The Lords learned (1) gītam, singing; (2) vādyam, playing on musical instruments; (3) nṛtyam, dancing; (4) nāṭyam, drama; (5) ālekhyam, painting; (6) viśeṣaka-cchedyam, painting the face and body with colored unguents and cosmetics; (7) taṇḍula-kusuma-bali-vikārāḥ, preparing auspicious designs on the floor with rice and flowers; (8) puṣpāstaraṇam, making a bed of flowers; (9) daśana-vasanāṅga-rāgāḥ, coloring one’s teeth, clothes and limbs; (10) maṇi-bhūmikā-karma, inlaying a floor with jewels; (11) śayyā-racanam, covering a bed; (12) udaka-vādyam, ringing waterpots; (13) udaka-ghātaḥ, splashing with water; (14) citra-yogāḥ, mixing colors; (15) mālya-grathana-vikalpāḥ, preparing wreaths; (16) śekharāpīḍa-yojanam, setting a helmet on the head; (17) nepathya-yogāḥ, putting on apparel in a dressing room; (18) karṇa-patra-bhaṅgāḥ, decorating the earlobe; (19) sugandha-yuktiḥ, applying aromatics; (20) bhūṣaṇa-yojanam, decorating with jewelry; (21) aindrajālam, jugglery; (22) kaucumāra-yogaḥ, the art of disguise; (23) hasta-lāghavam, sleight of hand; (24) citra-śākāpūpa-bhakṣya-vikāra-kriyaḥ, preparing varieties of salad, bread, cake and other delicious food; (25) pānaka-rasa-rāgāsava-yojanam, preparing palatable drinks and tinging draughts with red color; (26) sūcī-vāya-karma, needlework and weaving; (27) sūtra-krīḍā, making puppets dance by manipulating thin threads; (28) vīṇā-ḍamarukavādyāni, playing on a lute and a small x-shaped drum; (29) prahelikā, making and solving riddles; (29a) pratimālā, capping verses, or reciting poems verse for verse as a trial of memory or skill; (30) durvacaka-yogāḥ, uttering statements difficult for others to answer; (31) pustaka-vācanam, reciting books; and (32) nāṭikākhyāyikā-darśanam, enacting short plays and writing anecdotes.
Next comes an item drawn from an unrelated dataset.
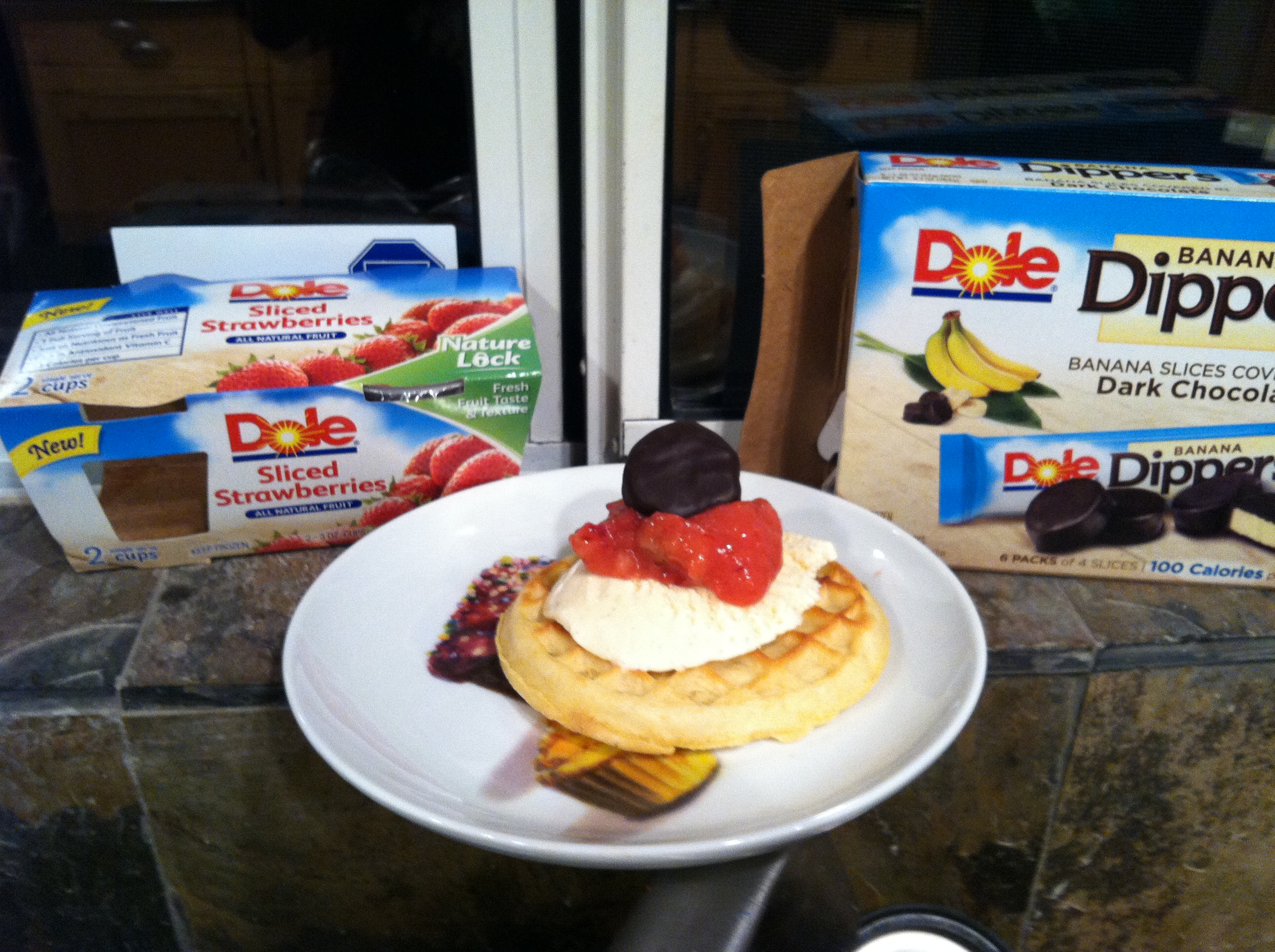 Waffles + Frozen Strawberries X Frozen Bananas dipped in Chocolate = Amazingness.

Kṛṣṇa and Balarāma also learned (33) kāvya-samasyā-pūraṇam, solving enigmatic verses; (34) paṭṭikā-vetra-bāṇa-vikalpāḥ, making a bow from a strip of cloth and a stick; (35) tarku-karma, spinning with a spindle; (36) takṣaṇam, carpentry; (37) vāstu-vidyā, architecture; (38) raupya-ratna-parīkṣā, testing silver and jewels; (39) dhātu-vādaḥ, metallurgy; (40) maṇi-rāga-jñānam, tinging jewels with various colors; (41) ākara-jñānam, mineralogy; (42) vṛkṣāyur-veda-yogāḥ, herbal medicine; (43) meṣa-kukkuṭa-lāvaka-yuddha-vidhiḥ, the art of training and engaging rams, cocks and quails in fighting; (44) śuka-śārikā-pralāpanam, knowledge of how to train male and female parrots to speak and to answer the questions of human beings; (45) utsādanam, healing a person with ointments; (46) keśa-mārjana-kauśalam, hairdressing; (47) akṣara-muṣṭikā-kathanam, telling what is written in a book without seeing it, and telling what is hidden in another’s fist; (48) mlecchita-kutarka-vikalpāḥ, fabricating barbarous or foreign sophistry; (49) deśa-bhāṣā-jñānam, knowledge of provincial dialects; (50) puṣpa-śakaṭikā-nirmiti-jñānam, knowledge of how to build toy carts with flowers; (51) yantra-mātṛkā, composing magic squares, arrangements of numbers adding up to the same total in all directions; (52) dhāraṇa-mātṛkā, the use of amulets; (53) saṁvācyam, conversation; (54) mānasī-kāvya-kriyā, composing verses mentally; (55) kriyā-vikalpāḥ, designing a literary work or a medical remedy; (56) chalitaka-yogāḥ, building shrines; (57) abhidhāna-koṣa-cchando-jñānam, lexicography and the knowledge of poetic meters; (58) vastra-gopanam, disguising one kind of cloth to look like another; (59) dyūta-viśeṣam, knowledge of various forms of gambling; (so) ākarṣa-krīḍa, playing dice; (61) bālaka-krīḍanakam, playing with children’s toys; (62) vaināyikī vidyā, enforcing discipline by mystic power; (63) vaijayikī vidyā, gaining victory; and (64) vaitālikī vidyā, awakening one’s master with music at dawn.